Reason . A newborn baby's tongue has hundreds of times more taste buds than a human. And the taste of milk changes depending on the mother’s diet. And foods such as onions, garlic, cauliflower, spices, spicy foods, and radishes may not be to your baby’s liking. Some medicines and medicinal herbs have the same property.

Treatment

  1. Don't eat anything your child doesn't like.
  2. Under no circumstances should you take medications without a doctor’s prescription, and remind him several times: “I am breastfeeding,” and then carefully read the instructions to see if this can be used by nursing mothers, because medications can not only spoil the taste of milk, but also harm your health. child.

Example . My daughter, in my opinion, on the contrary, liked “garlic” milk. Tastes could not be discussed.

Alien smell

Reason . They conducted an experiment: barely born babies were given a choice of several worn T-shirts. And they unmistakably recognized the one that mom was wearing! Newborn babies search for breasts by smell and sleep better covered with mother's clothes. That's why they often don't take someone else's breast. And if the mother has sprayed herself with perfume, deodorant, or for some other reason does not smell like herself, then the baby may not “recognize” her.

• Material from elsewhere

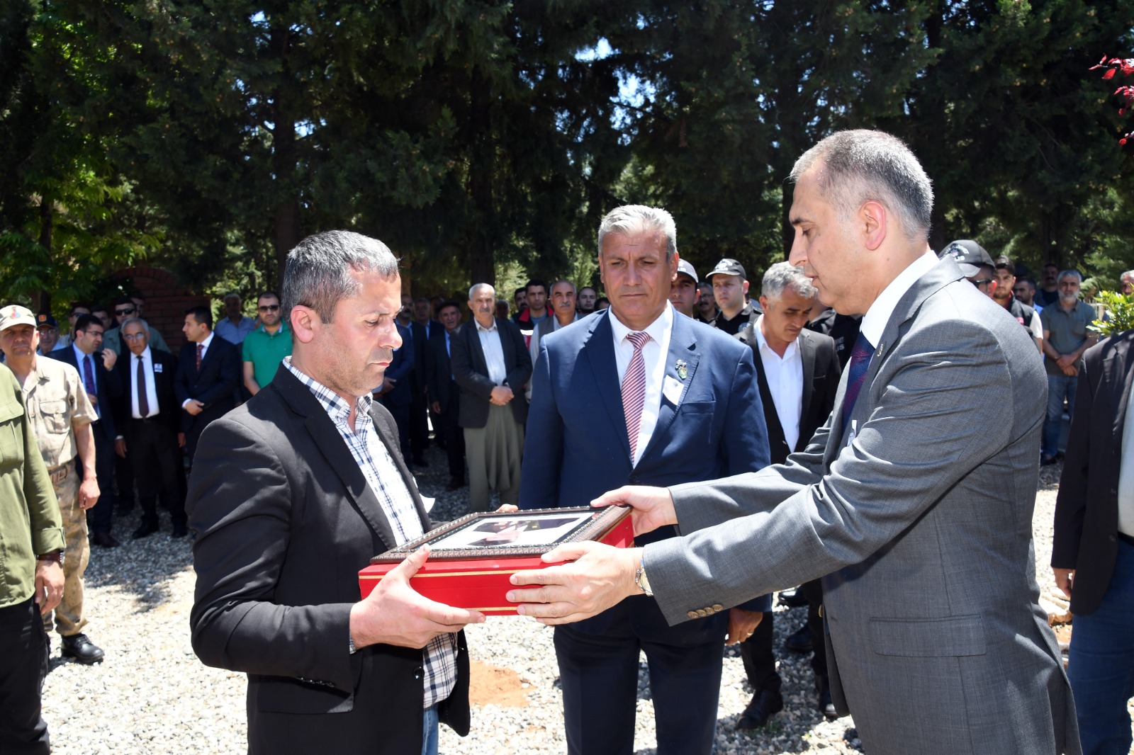 Tören sonrası Vali Mahmut Çuhadar, Kıbrıs Gazisi Aziz Çelik'in ailesine, çocuklarına ve yakınlarına başsağlığı ve sabır diledi.

Treatment . Take a bath with baby soap and do not mask unpleasant odors in the future, but simply take a shower more often. Wear clean or other clothes of your own.

Menstruation, pregnancy

Reason . During menstruation, and sometimes before it, as well as during pregnancy, the taste of milk deteriorates.

Treatment . Just be patient until your period ends, everything will get better. Over time, children usually get used to it.

Feedings by the hour

Reason . Some children, at the insistence of their mother, calmly switch to feeding after 3-3.5 hours. But there are children who are born with too small a stomach. People feel full when their stomach is full of food. So these children have a feeling of fullness when they eat, for example, 60 ml of milk, instead of 120 according to age. It is clear that this small amount will be absorbed faster and the child will want to eat much earlier than the prescribed 3 hours. But many parents believe that the child is capricious and, “showing firmness,” listen to the children’s cries until the right time comes.

It is clear that a screaming baby will not be able to suck normally or will refuse to do so altogether. But even if he starts eating, he will be able to eat no more than 60 grams again. At the end of the month, the clinic will find that the child is not gaining weight or is gaining too little. They will immediately remember the constant screams and tell the mother that she does not have enough milk. Next - a bottle, mixed, and then completely artificial feeding. And this despite the fact that mom has enough milk!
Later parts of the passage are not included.